What to produce: Please reproduce all of the data below exactly, leaving each picture out.

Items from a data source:
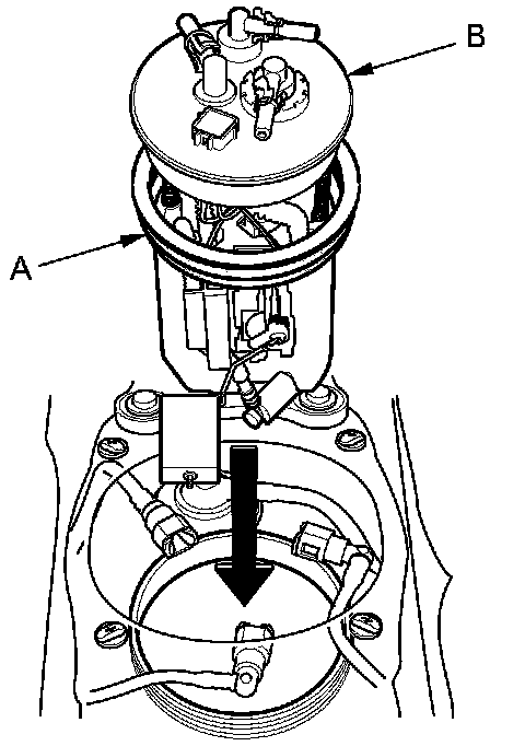 1. Temporarily attach a new base gasket (A) to the fuel tank unit (B), then insert the fuel tank unit partially into the fuel tank.
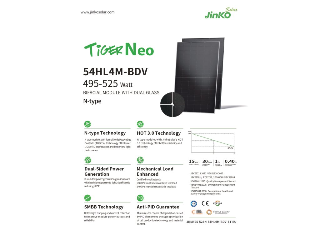 Jinko Solar Tiger Neo 54HL4M-BDV je bifaciální solární panel nové generace s duálním sklem a technologií N-type TOPCon, který nabízí špičkový výkon, dlouhou životnost a vyšší energetický zisk díky oboustranné výrobě elektřiny. Patří mezi nejmodernější řešení na trhu, ideální pro rezidenční i komerční instalace.
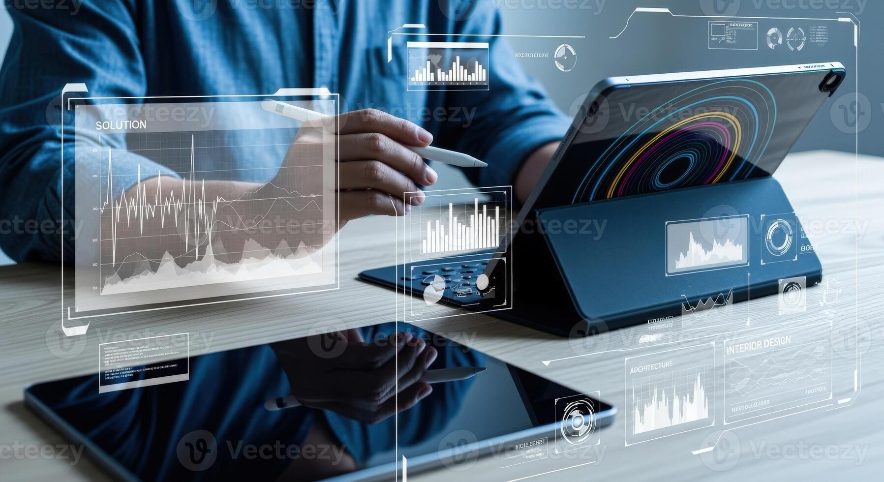 Data Analysis on Tablet Man Using Digital Devices with Information Overlays for Business Strategy Pro Photo
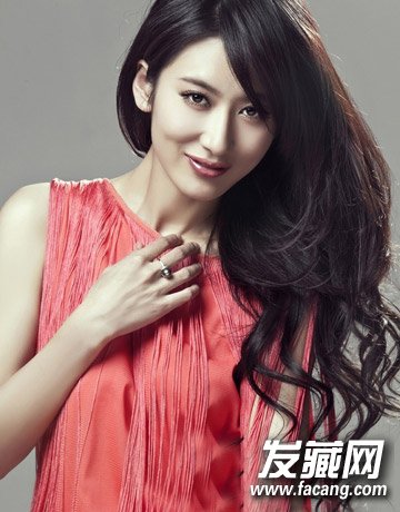 妩媚的侧边长卷发很自然的挡住了侧脸散发优雅女人味,丰盈的波浪卷,三七分的刘海勾出最完美的五官,礼服更显高贵。
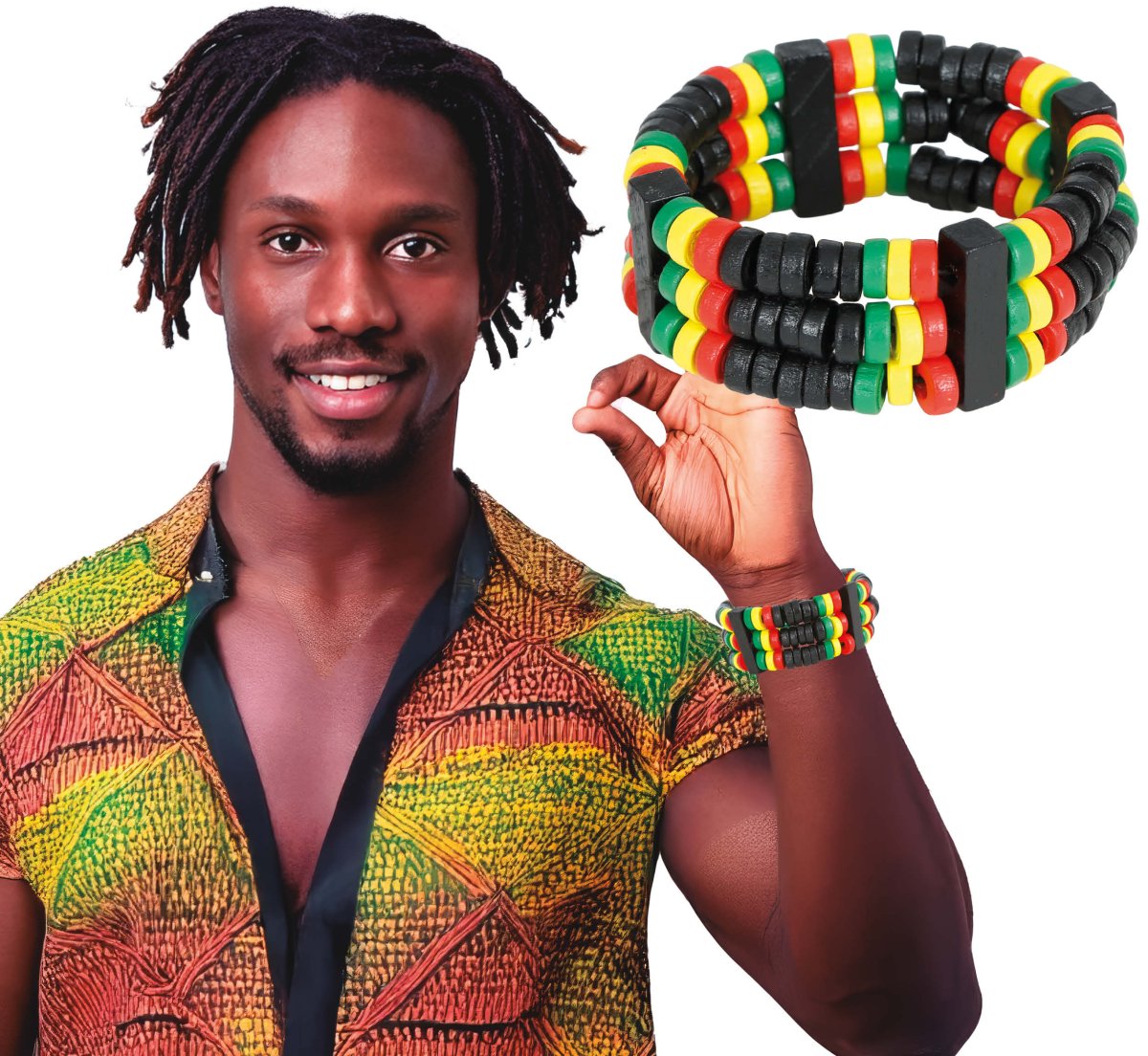 Bracciale di tendenza in stile rasta, realizzato in legno nei caratteristici colori nero, giallo e verde. Perfetto per dare un tocco allegro e colorato al tuo abbigliamento o come accessorio per feste e festival a tema.
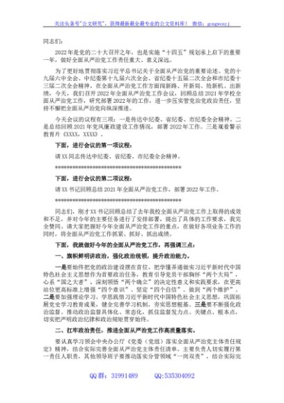 / 在(学校)2022年全面从严治党工作会议主持词
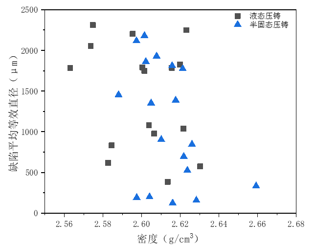 圖4:疲勞試樣密度與裂紋源缺陷平均等效直徑的關系 兩批試樣的密度與裂紋源缺陷尺寸的關系見圖4。液態壓鑄試樣的平均密度為2.598 g/cm³,半固態壓鑄試樣的平均密度為2.616 g/cm³??梢钥闯鲆簯B壓鑄試樣的密度相較于半固態壓鑄試樣更為離散,液態壓鑄試樣的密度區間為2.563 ~2.631g/cm³,半固態壓鑄試樣的密度區間為2.588 ~2.659 g/cm³。兩批試樣的裂紋源缺陷平均等效直徑均有較大波動,但半固態壓鑄試樣的總體偏低。 2.2 鋁合金ZL114A壓鑄件密度對疲勞性能的影響
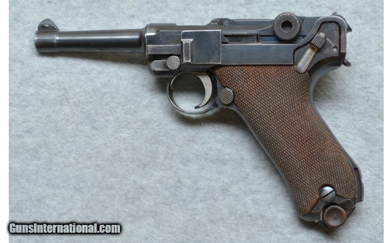 Description: SOLD Manufacturer: SN#: 8733 Caliber Info: Unknown, appears it might be 7.65, but caliber is not marked Metal Condition: Good with Some Blueing Wear Wood Condition: Good Bore Condition: Brite and Shiny with Good Rifling Barrels: 3 7/8 Triggers: Smooth Stock: Wood Grips Weight: 32 oz. Sights: Front Blade, Rear Notch Extras: with Holster and two Extra Magazines Item Location: Hazelwood, MO |

Task answer:
 1. Temporarily attach a new base gasket (A) to the fuel tank unit (B), then insert the fuel tank unit partially into the fuel tank.
 Jinko Solar Tiger Neo 54HL4M-BDV je bifaciální solární panel nové generace s duálním sklem a technologií N-type TOPCon, který nabízí špičkový výkon, dlouhou životnost a vyšší energetický zisk díky oboustranné výrobě elektřiny. Patří mezi nejmodernější řešení na trhu, ideální pro rezidenční i komerční instalace.
 Data Analysis on Tablet Man Using Digital Devices with Information Overlays for Business Strategy Pro Photo
 妩媚的侧边长卷发很自然的挡住了侧脸散发优雅女人味,丰盈的波浪卷,三七分的刘海勾出最完美的五官,礼服更显高贵。
 Bracciale di tendenza in stile rasta, realizzato in legno nei caratteristici colori nero, giallo e verde. Perfetto per dare un tocco allegro e colorato al tuo abbigliamento o come accessorio per feste e festival a tema.
 / 在(学校)2022年全面从严治党工作会议主持词
 圖4:疲勞試樣密度與裂紋源缺陷平均等效直徑的關系 兩批試樣的密度與裂紋源缺陷尺寸的關系見圖4。液態壓鑄試樣的平均密度為2.598 g/cm³,半固態壓鑄試樣的平均密度為2.616 g/cm³??梢钥闯鲆簯B壓鑄試樣的密度相較于半固態壓鑄試樣更為離散,液態壓鑄試樣的密度區間為2.563 ~2.631g/cm³,半固態壓鑄試樣的密度區間為2.588 ~2.659 g/cm³。兩批試樣的裂紋源缺陷平均等效直徑均有較大波動,但半固態壓鑄試樣的總體偏低。 2.2 鋁合金ZL114A壓鑄件密度對疲勞性能的影響
 Description: SOLD Manufacturer: SN#: 8733 Caliber Info: Unknown, appears it might be 7.65, but caliber is not marked Metal Condition: Good with Some Blueing Wear Wood Condition: Good Bore Condition: Brite and Shiny with Good Rifling Barrels: 3 7/8 Triggers: Smooth Stock: Wood Grips Weight: 32 oz. Sights: Front Blade, Rear Notch Extras: with Holster and two Extra Magazines Item Location: Hazelwood, MO |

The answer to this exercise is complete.